Visual Essay #12 | Q4 2025
Swipe Fatigue
Reading up on tech discourse around dating apps, I discovered that Facebook has a dating service. This was not an investigation I embarked on for my own dating purposes. It was, rather, a follow-up to an article sent by a friend who is equally compelled to critique and inspect the AI takeover we’re all subjected to—decidedly against our will.

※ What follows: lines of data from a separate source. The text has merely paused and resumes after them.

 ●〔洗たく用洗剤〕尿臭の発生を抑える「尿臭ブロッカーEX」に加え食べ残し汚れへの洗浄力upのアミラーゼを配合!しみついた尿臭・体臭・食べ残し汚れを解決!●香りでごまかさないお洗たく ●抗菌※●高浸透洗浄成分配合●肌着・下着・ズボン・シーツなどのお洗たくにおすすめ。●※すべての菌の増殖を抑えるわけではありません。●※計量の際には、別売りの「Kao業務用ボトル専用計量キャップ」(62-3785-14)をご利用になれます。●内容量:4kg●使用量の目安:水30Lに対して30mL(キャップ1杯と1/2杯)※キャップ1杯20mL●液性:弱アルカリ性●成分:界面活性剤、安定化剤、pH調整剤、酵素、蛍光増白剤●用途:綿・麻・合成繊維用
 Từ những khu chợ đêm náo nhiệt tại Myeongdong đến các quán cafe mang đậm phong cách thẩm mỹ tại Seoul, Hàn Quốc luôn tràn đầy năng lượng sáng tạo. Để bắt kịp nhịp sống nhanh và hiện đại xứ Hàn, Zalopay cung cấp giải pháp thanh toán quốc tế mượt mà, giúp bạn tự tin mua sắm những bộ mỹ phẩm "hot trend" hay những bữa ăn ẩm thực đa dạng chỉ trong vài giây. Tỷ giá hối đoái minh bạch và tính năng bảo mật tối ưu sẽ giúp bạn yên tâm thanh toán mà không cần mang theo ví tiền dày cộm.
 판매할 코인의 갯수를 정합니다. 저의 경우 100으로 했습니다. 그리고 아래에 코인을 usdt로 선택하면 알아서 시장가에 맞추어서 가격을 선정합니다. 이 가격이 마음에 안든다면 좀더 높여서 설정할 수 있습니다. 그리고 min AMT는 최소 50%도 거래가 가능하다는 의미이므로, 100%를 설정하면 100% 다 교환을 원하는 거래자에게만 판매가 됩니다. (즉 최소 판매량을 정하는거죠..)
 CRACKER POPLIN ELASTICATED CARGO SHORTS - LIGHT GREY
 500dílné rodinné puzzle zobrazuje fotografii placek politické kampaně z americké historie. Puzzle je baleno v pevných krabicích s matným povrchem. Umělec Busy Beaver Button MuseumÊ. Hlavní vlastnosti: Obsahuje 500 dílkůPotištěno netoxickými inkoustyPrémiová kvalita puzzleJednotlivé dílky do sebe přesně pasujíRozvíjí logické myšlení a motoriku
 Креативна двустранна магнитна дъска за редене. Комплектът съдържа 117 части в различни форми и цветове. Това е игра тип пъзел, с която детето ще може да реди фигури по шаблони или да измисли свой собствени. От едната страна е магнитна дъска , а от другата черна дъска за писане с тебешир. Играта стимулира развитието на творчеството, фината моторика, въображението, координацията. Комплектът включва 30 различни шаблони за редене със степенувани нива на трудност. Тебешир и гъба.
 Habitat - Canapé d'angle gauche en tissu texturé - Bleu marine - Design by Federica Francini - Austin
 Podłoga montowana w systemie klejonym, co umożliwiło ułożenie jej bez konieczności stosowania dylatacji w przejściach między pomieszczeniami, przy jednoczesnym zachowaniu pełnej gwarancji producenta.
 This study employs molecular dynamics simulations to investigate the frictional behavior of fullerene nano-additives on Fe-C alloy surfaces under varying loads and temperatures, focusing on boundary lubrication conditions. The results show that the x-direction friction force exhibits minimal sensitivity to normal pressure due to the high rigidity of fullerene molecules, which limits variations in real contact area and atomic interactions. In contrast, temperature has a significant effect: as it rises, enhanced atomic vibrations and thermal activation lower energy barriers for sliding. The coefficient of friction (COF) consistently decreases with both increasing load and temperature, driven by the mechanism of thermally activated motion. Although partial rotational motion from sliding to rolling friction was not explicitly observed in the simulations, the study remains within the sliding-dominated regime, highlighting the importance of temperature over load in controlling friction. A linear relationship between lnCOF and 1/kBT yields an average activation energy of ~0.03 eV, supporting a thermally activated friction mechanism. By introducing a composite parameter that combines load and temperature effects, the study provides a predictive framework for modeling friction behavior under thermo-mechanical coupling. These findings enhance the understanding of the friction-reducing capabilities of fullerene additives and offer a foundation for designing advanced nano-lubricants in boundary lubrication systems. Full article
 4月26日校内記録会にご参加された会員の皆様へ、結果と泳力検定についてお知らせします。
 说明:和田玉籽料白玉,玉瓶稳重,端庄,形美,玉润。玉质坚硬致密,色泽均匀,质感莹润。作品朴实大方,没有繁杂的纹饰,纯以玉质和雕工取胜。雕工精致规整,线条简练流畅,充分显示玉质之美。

The article that really sent me sleuthing reported on a recently shipped AI enhancement for the Meta app. Facebook Dating’s latest feature rollout seeks to address “swiping fatigue” by eliminating swiping altogether and relying solely on the discernment of its algorithm. For those unfamiliar with the emergent concept of “swiping fatigue” (you lucky niche), it’s the condition of being overwhelmed by the core dating app activity of swiping right to engage in a romantic endeavor or left to dismiss a person who’s current arrange of images and documented interests do not align with your taste. Honestly, dating apps already feel like they’ve had years to perfect connection, yet they remain missing the mark when it comes to actually facilitating it.
Allowing AI to autonomously determine who a person should match with feels like another misstep—but then again, I shouldn’t assume the business goal is to actually help people find love.
Abstracting choice from the entire process makes me wonder how these algorithms determine a person’s potential chemistry and compatibility. What criteria are being extracted from our online presence? Do I really need another reminder that people are losing touch with themselves and their desires as we continue to offload friction and inconvenience onto our technology?